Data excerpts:

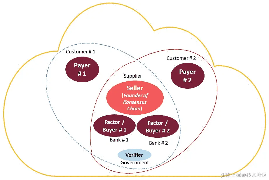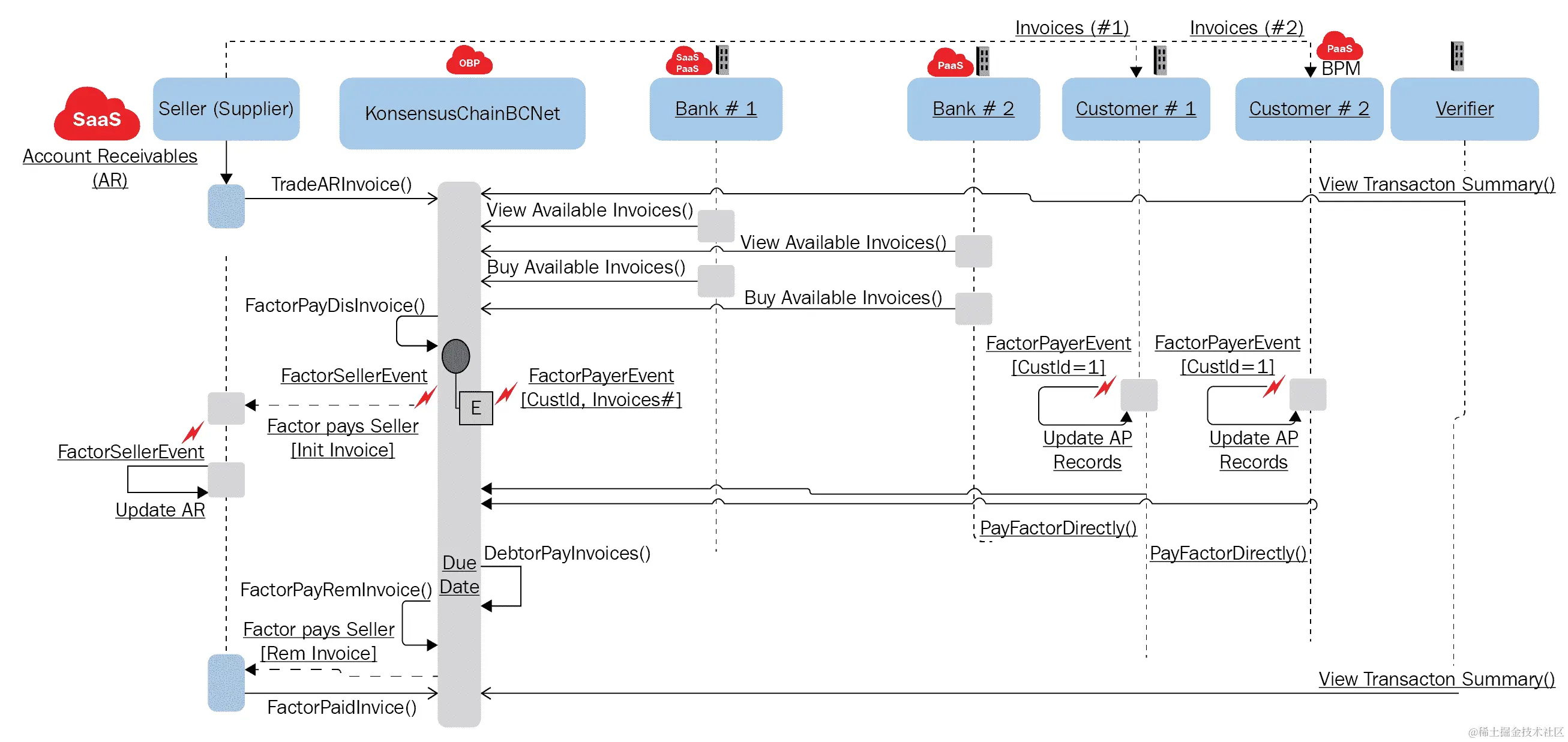 在较高层次上,供应商向其客户(客户 A 和客户 B)交付商品。供应商向这些客户发出付款发票。发票 1 应于 30 天内支付给客户 A,发票 2 应于 90 天内支付给客户 B。供应商需要即时现金,并以 5%和 10%的折扣分别出售发票 1 和发票 2。银行 1 和银行 2 也是区块链业务网络(KonsensusChainBC)的参与者。他们浏览可用的发票并对其进行保理。银行 1 对发票 1 进行保理,并向供应商支付发票价值的 95%,而银行 2 对发票 2 进行保理,并向供应商支付发票价值的 90%。保理将导致立即向供应商支付发票。立即支付确认将导致客户的应收账款更新。现在,客户 1 需要支付给银行 1,而客户 2 需要支付给银行 2。应付款项已更新为新的收款人详细信息。到期日时,应从付款方(客户)账户直接支付给买方(银行)账户,并更新客户的 AP 系统。在客户 1 和 2 支付发票的总金额达到 100%后,买方将支付剩余的发票金额给卖方。但是,买方(银行 1 和银行 2)将支付给卖方的余额中减去交易费。
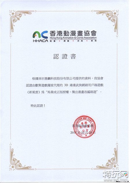 香港动漫协会授予新风云“杰出漫画改编端游”
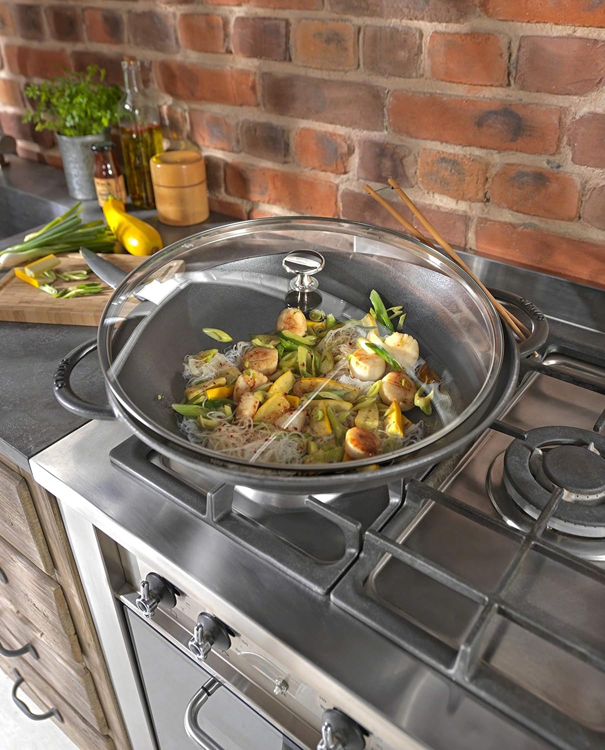 - Multifunktionaler Wok aus Gusseisen mit passendem Glasdeckel und Gittereinsatz für alle Herdarten einschliesslich Induktionsherd, Ideal geeignet zum Schmoren, Dämpfen und Frittieren von Fleisch, Fisch und Gemüse
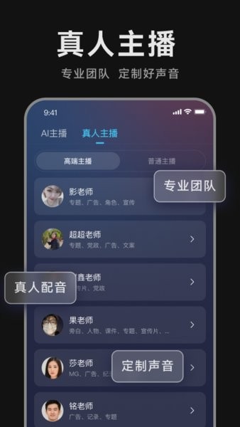 配音助手是一款文字转语音的音频制作软件,包括:智能主播配音、真人配音、录音,支持任意文本内容的便捷配音软件。适用于短视频配音、有声朗读、宣传片配音、节日特卖、美食餐饮,超市烟酒、家电卖场、广播播音、课件ppt等多种场景,让您轻松配出好声音。
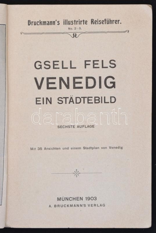 Gsell Fels Venedig, ein städtebild. Bruckmann's illustrirte Reiseführer. München, 1903, A. Bruckmann's Verlag. Hatodik kiadás. Kiadói papÃrkötés, kissé viseltes, szakadozott borÃtóval, fekete-fehér fotókkal, és egy térképpel illusztrálva, német nyelven./ Paperbinding, in poor condition, with a damaged cover, in German language.
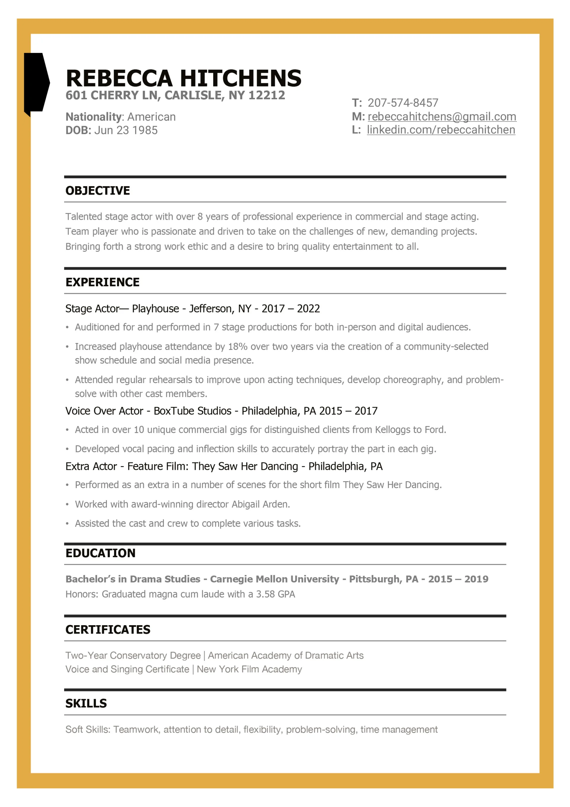 Free Actor Resume Templates in Google Docs thegoodocs com
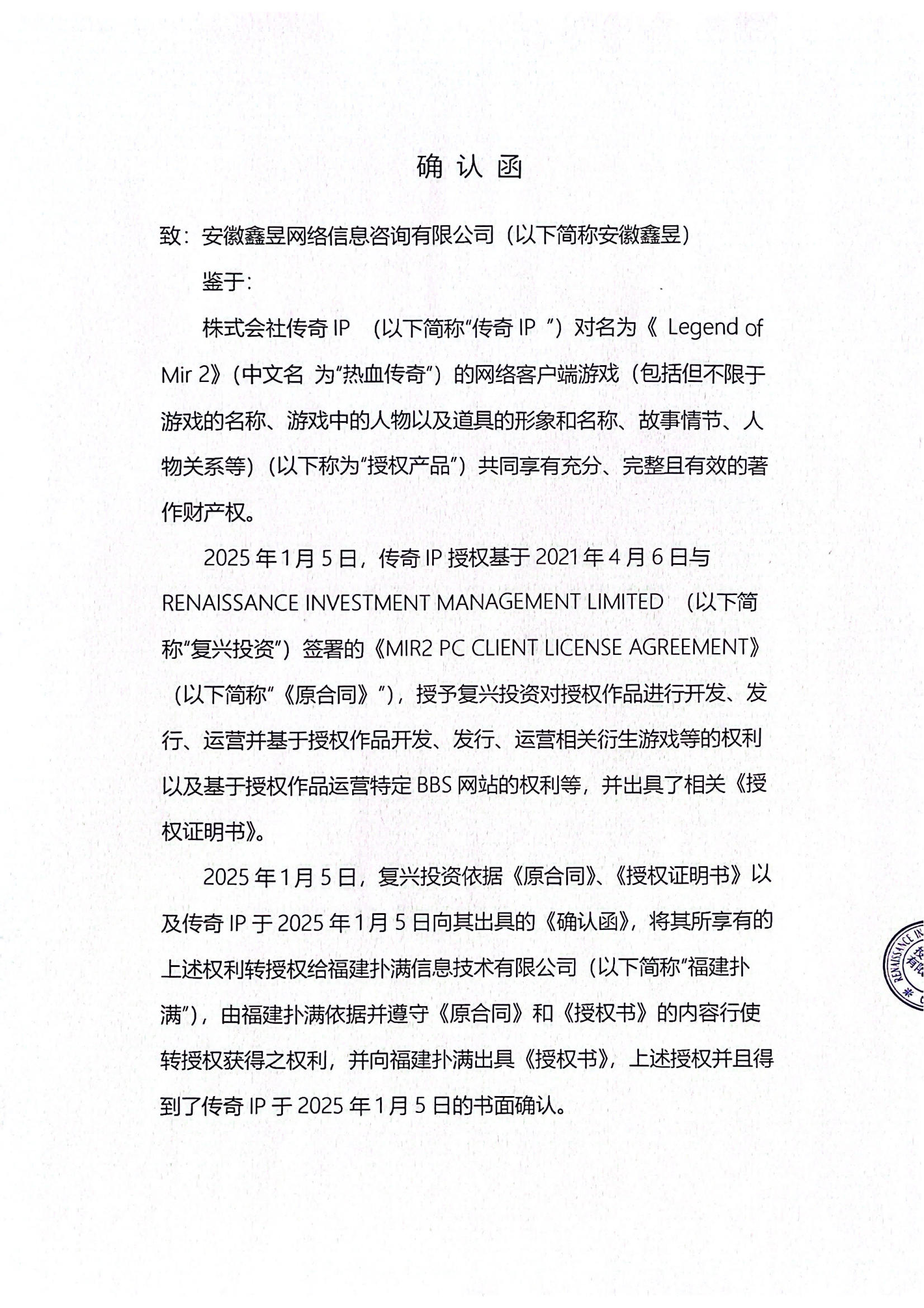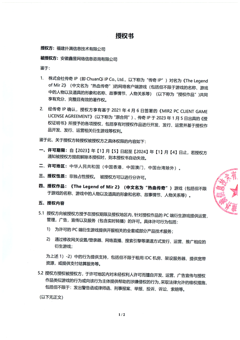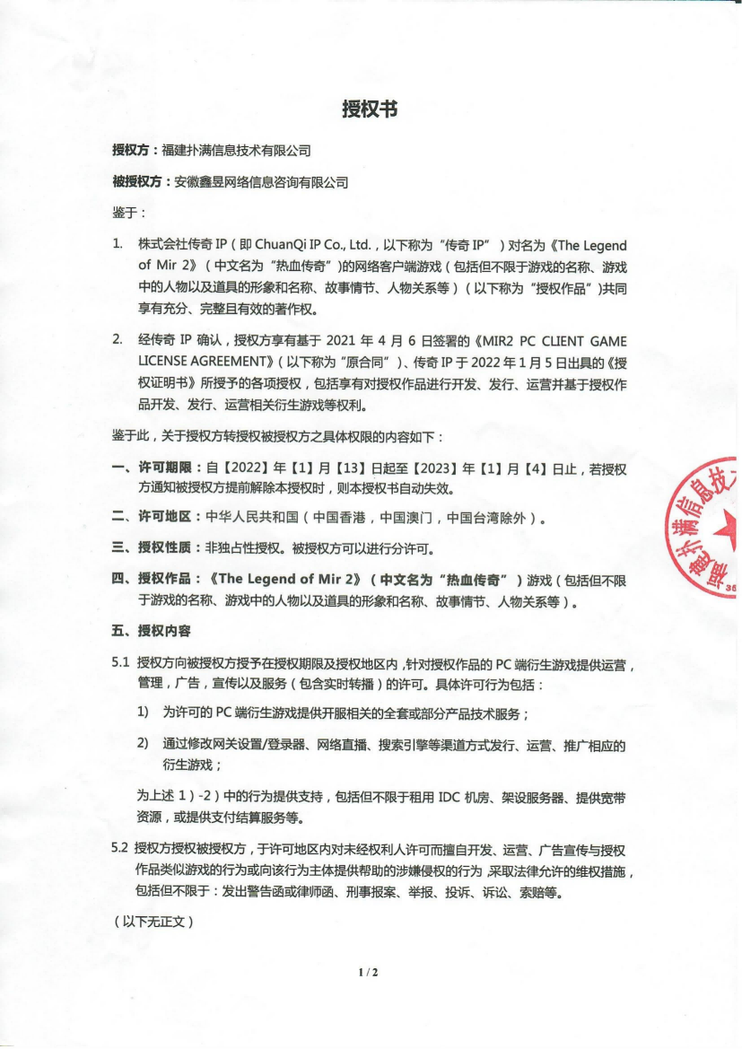 關(guān)于對(duì)《The Legend of Mir 2》(熱血傳奇) 衍生品游戲直播的嚴(yán)正聲明

# [Action item]
Your answer must be an exact copy of the records, free of images.

# [Answer for this exercise]
 在较高层次上,供应商向其客户(客户 A 和客户 B)交付商品。供应商向这些客户发出付款发票。发票 1 应于 30 天内支付给客户 A,发票 2 应于 90 天内支付给客户 B。供应商需要即时现金,并以 5%和 10%的折扣分别出售发票 1 和发票 2。银行 1 和银行 2 也是区块链业务网络(KonsensusChainBC)的参与者。他们浏览可用的发票并对其进行保理。银行 1 对发票 1 进行保理,并向供应商支付发票价值的 95%,而银行 2 对发票 2 进行保理,并向供应商支付发票价值的 90%。保理将导致立即向供应商支付发票。立即支付确认将导致客户的应收账款更新。现在,客户 1 需要支付给银行 1,而客户 2 需要支付给银行 2。应付款项已更新为新的收款人详细信息。到期日时,应从付款方(客户)账户直接支付给买方(银行)账户,并更新客户的 AP 系统。在客户 1 和 2 支付发票的总金额达到 100%后,买方将支付剩余的发票金额给卖方。但是,买方(银行 1 和银行 2)将支付给卖方的余额中减去交易费。
 香港动漫协会授予新风云“杰出漫画改编端游”
 - Multifunktionaler Wok aus Gusseisen mit passendem Glasdeckel und Gittereinsatz für alle Herdarten einschliesslich Induktionsherd, Ideal geeignet zum Schmoren, Dämpfen und Frittieren von Fleisch, Fisch und Gemüse
 配音助手是一款文字转语音的音频制作软件,包括:智能主播配音、真人配音、录音,支持任意文本内容的便捷配音软件。适用于短视频配音、有声朗读、宣传片配音、节日特卖、美食餐饮,超市烟酒、家电卖场、广播播音、课件ppt等多种场景,让您轻松配出好声音。
 Gsell Fels Venedig, ein städtebild. Bruckmann's illustrirte Reiseführer. München, 1903, A. Bruckmann's Verlag. Hatodik kiadás. Kiadói papÃrkötés, kissé viseltes, szakadozott borÃtóval, fekete-fehér fotókkal, és egy térképpel illusztrálva, német nyelven./ Paperbinding, in poor condition, with a damaged cover, in German language.
 Free Actor Resume Templates in Google Docs thegoodocs com
 關(guān)于對(duì)《The Legend of Mir 2》(熱血傳奇) 衍生品游戲直播的嚴(yán)正聲明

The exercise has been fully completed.